Cassini Spots Geysers On Saturn's Moon Enceladus 107
An anonymous reader writes "Huge geysers on Saturn's moon Enceladus may be fed by a salty sea below its surface, boosting the odds of extraterrestrial life in our own Solar System."
Where there's a will, there's a relative.
Why not create our own ET life? (Score:1, Interesting)
We know what these planets consist of. We know of some pretty crazy bacteria here on earth. Why not shoot a rocket full of random bacteria that can survive our most extreme conditions to places like these?
If I recall correctly NASA has always been super careful about bacteria on space vehicles. Why don't we just infect everything and kick start this whole ET thing ourselves.
Re:Why not create our own ET life? (Score:5, Interesting)
I like it.
Besides, the more I learn about the human body, the more convinced our real purpose is to move bacteria around, so this is a logic extension of out purpose.
Re:Why not create our own ET life? (Score:3, Interesting)
Of course once we have verified it is devoid of life it's actually a good idea.
Re:Why not create our own ET life? (Score:5, Interesting)
To what end? The same thing has occurred to me, but I can't fathom a useful end-product. If we want to study the behavior of exotic bacteria/whatever, we can replicate the conditions here on Earth much more cheaply than rocketing them off into space (not to mention they'd be much easier to watch/study). And if you've got some fantasy of them evolving into super-fish or whatever, you'd better be REALLY patient. (And, again, even if you're hoping for macro-evolution, we could replicate the environment more easily than visiting it.) If it's dead, I see no benefit of adding life.
My vote - It's much more interesting to just keep it pristine and see what's there (even if it's nothing.) And, if there is life, it would be far more interesting to see something (however primitive) that had a fresh start rather than something that started here.
Nature already does this with meteors (Score:3, Interesting)
My prediction is some parts of Mars are hospitable to extremophile life and we will eventually discover it. It may be canyons where water-bearing layers appear to leak now and then. I further predict this life will very much look like Earth's. And the interesting follow-on question will be which planet did life start on first.
Re:Why not create our own ET life? (Score:3, Interesting)
Seeding, mining, and replicating maybe, but waiting around for billions of years for intelligent life to evolve? Unlikely.
Easy life return mission? Perhaps with Cassini? (Score:4, Interesting)
I wonder...
So we have this moon that possibly has life in its ocean. And geysers which put this water into known orbits. Together with the water they put salts. And life - if one exists there.
So..."orbital scoop" flying for few years has a big chance to catch some microbes for the ride. Unfortunatelly...it will be probably several more decades before the next mission to Saturn; several more decades before we can sent purpose built spacecraft.
However...we already have a spacecraft that was flying there for quite some time. Perhaps, once RTGs deplete to such a degree that the scientific package will have to be largery shut down, it is sensible to:
1) put Cassini into orbit which maximalises probabilities of catching something for the ride (and without too much risk of hitting some ice block)

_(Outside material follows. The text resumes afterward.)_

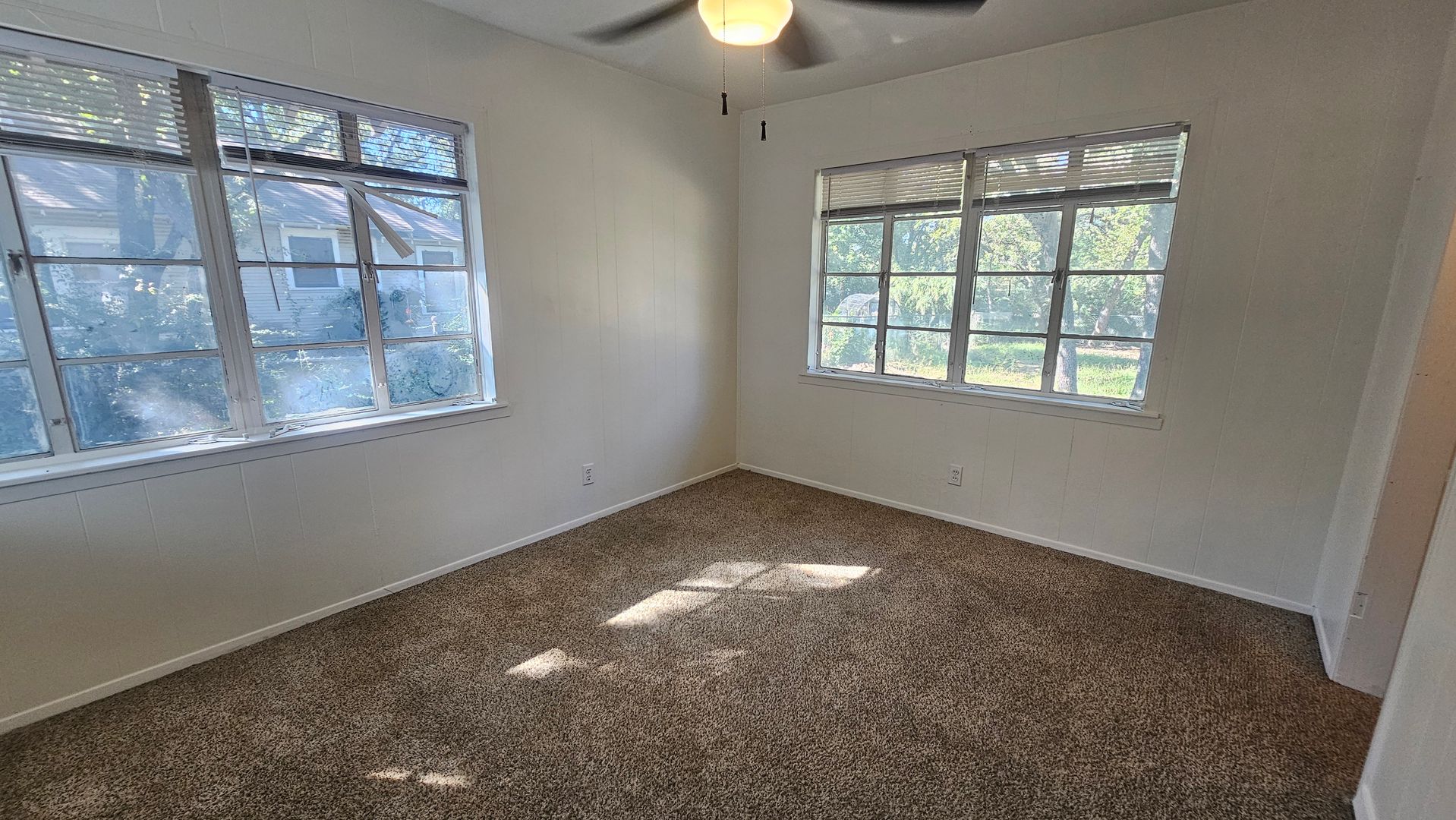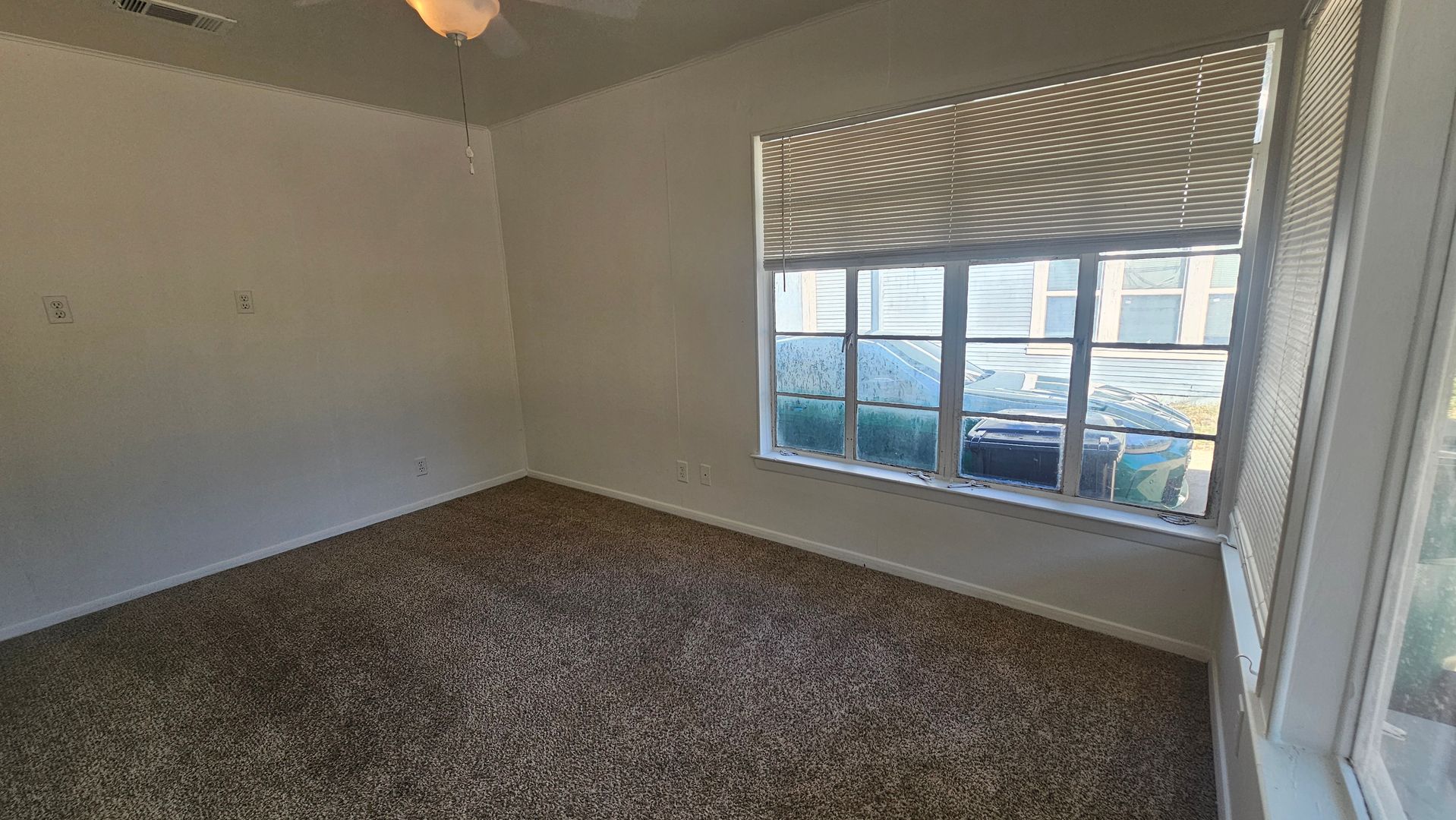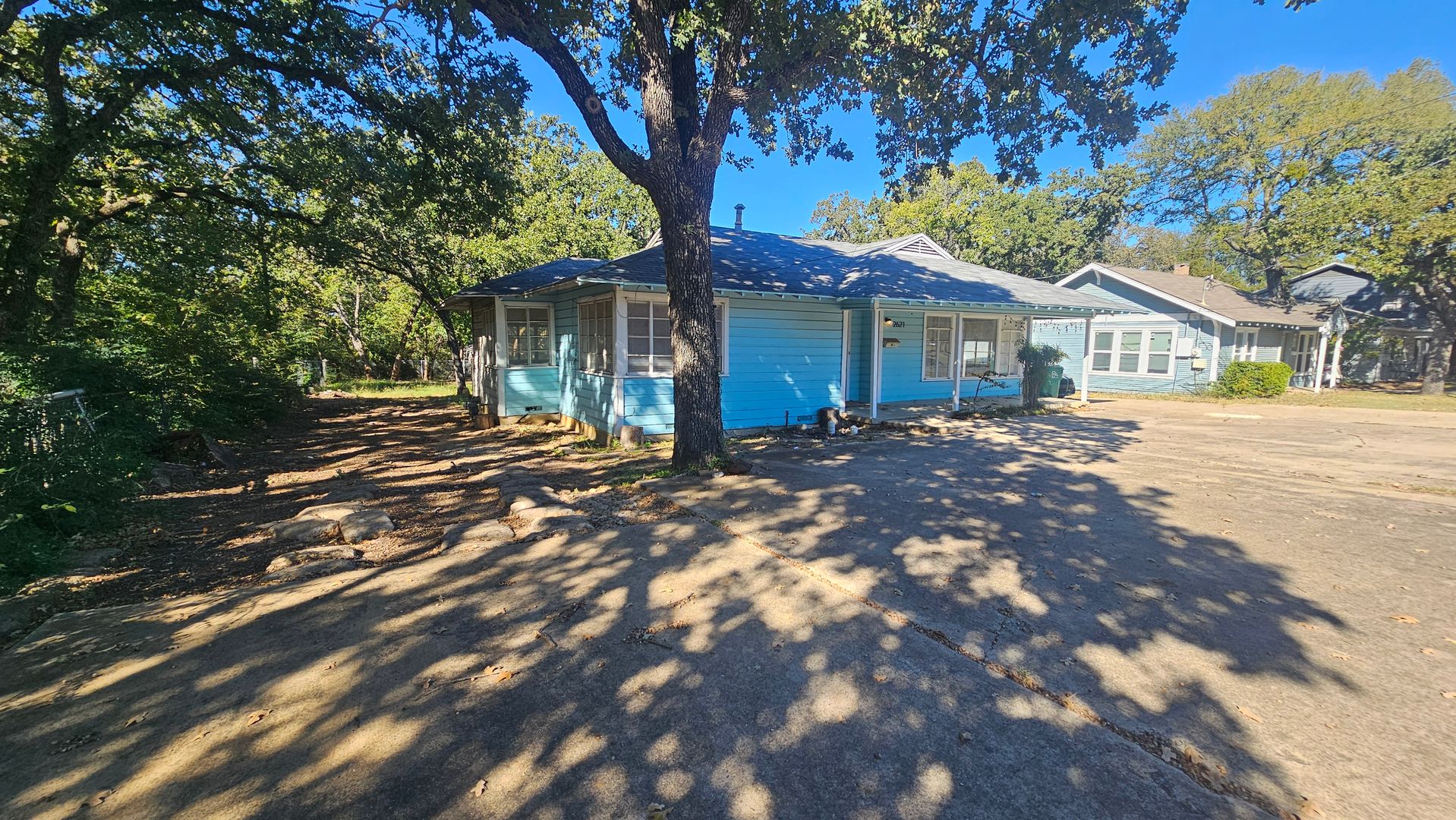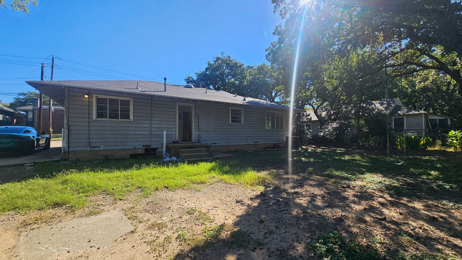 3 bedroom home with circle drive in front. lots of parking. Giant windows. Huge back yard. Underground Tornado Shelter. Central Heat and Air. Close to UNT and TWU. Students ok, pets ok. No Sec 8 nor housing voucher. Move in Now. Stock Photos.

2) after several more years - bring Cassini back (through http://en.wikipedia.org/wiki/Interplanetary_Transport_Network [wikipedia.org] for example). Put it into stable, high Earth orbit where it can wait for us to have means to investigate it (too bad we get rid of Shuttles, they would be usefull for that oe thing...)
It seems to me to be much better conclusion of the mission (even we won't find any signs of life on it) than sending it plunging towards Saturn...
Re:Implications (Score:3, Interesting)
They will just say "ahh, another glorious creation of gods". They've shown many times that inconsistent/false passages in "holy" texts can be ignored, new doctrines introduced.
It will get interesting only when we discover intelligent life that, during its evolution, didn't need the concept of gods. Though this is likely, IMHO, only in forms of intelligence that are NOT fragile, individual units (which feel the need to control the scary world, hence - gods, prayers, and so on), in case of hive-mind for example (I guess it will operate mostly in "me" and "that which does not exist" categories). But I suspect in this case religious folks will just dismiss its intelligence.
Oh well, in other cases it might be fun too - at least if "interstellar crusade" sounds fun to you.
Re:Why not create our own ET life? (Score:2, Interesting)
one data point (Earth) isn't a very good sample. If it started in a similar fashion, we learn more about Earth, and if it started in a different way, we get a ton of new information we likely would never come across on Earth.
Exactly right. If we can find life on a moon around a gas giant that is not in the "Goldilocks Zone" then this vastly increases the chances of life existing elsewhere in the universe. Also, assuming for a moment that life DOES exist in places other than earth, if the life found on Enceladus it is from a different biological origin to us, then this would increase the chances of us being able to study other life forms that we discover, as earth-based biology is also only a single data point.
Re:Why not create our own ET life? (Score:4, Interesting)
Someone, I can't remember who, said that "life was water's way of moving itself around."